Adèle exploitait trois parcelles d’herbage destinées au pacage de ses chevaux, dont l’une était enclavée. Elle avait saisi le tribunal judiciaire en vue d’obtenir la reconnaissance d’un droit de passage sur la parcelle de son voisin, Yvon. Le tribunal avait accordé au profit de la parcelle enclavée une servitude de passage sur celle d’Yvon et fixé le montant de l’indemnité de désenclavement. Adèle avait commencé à réaliser des travaux pour aménager le chemin d’accès à sa parcelle, et avait versé une partie de l’indemnité.

Le contentieux

Se prévalant de l’absence du paiement intégral de cette indemnité, le voisin avait assigné Adèle devant le tribunal judiciaire en cessation des travaux et l’interdiction de pénétrer sur sa proprié­té. Pour apprécier le bien-fondé de la demande d’Yvon, il faut rappeler l’article 682 du code civil. Selon ce texte, le propriétaire dont les fonds sont enclavés et qui n’a sur la voie publique aucune issue, ou qu’une issue insuffisante pour l’exploitation agricole, est fondée à réclamer sur les parcelles de ses voisins un passage suffisant pour assurer la desserte complète de ses fonds, à charge d’une indemnité proportionnée au dommage qu’il peut occasionner.

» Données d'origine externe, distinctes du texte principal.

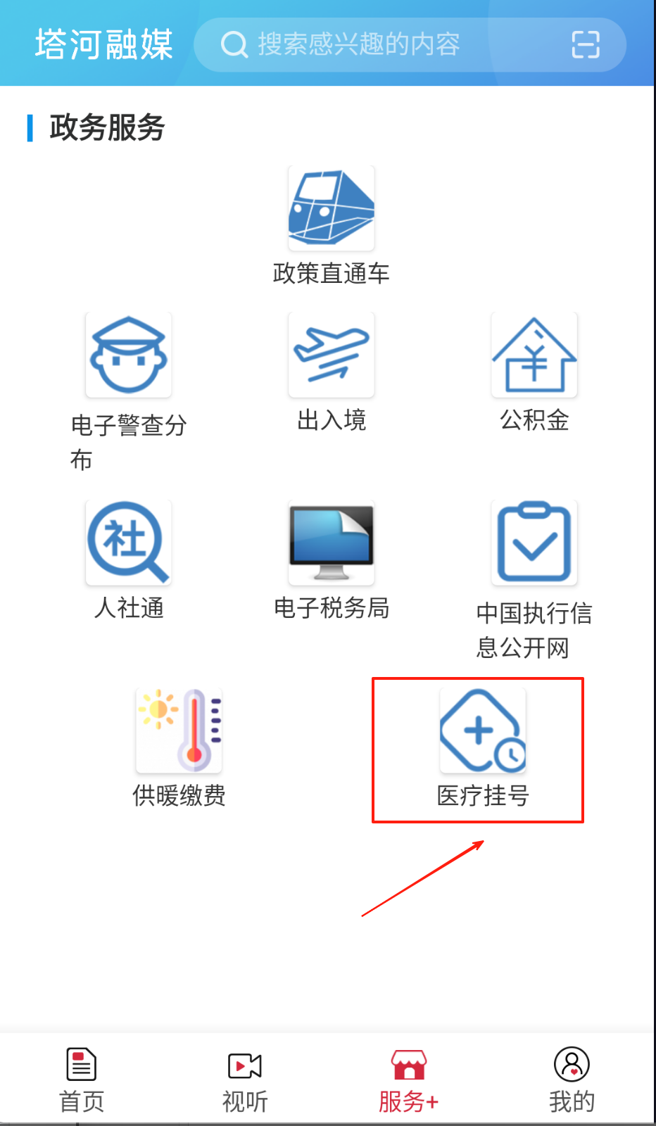 3、进入服务大厅选择医疗挂号模块,输入个人信息后即可在线预约县内医疗机构。

Ainsi, le bénéficiaire d’une servitude légale de passage en cas d’enclave peut être condamné à payer au propriétaire du fonds servant d’assiette au passage, une indemnité dont le montant est fixé par le juge. Pour Yvon, le propriétaire du fonds dominant ne peut entreprendre des travaux sur l’assiette de la servitude de passage, dont il s’est vu reconnaître le bénéfice par une décision de justice, sans s’acquitter préalablement de l’indemnité de désenclavement corrélativement mise à sa charge par le juge.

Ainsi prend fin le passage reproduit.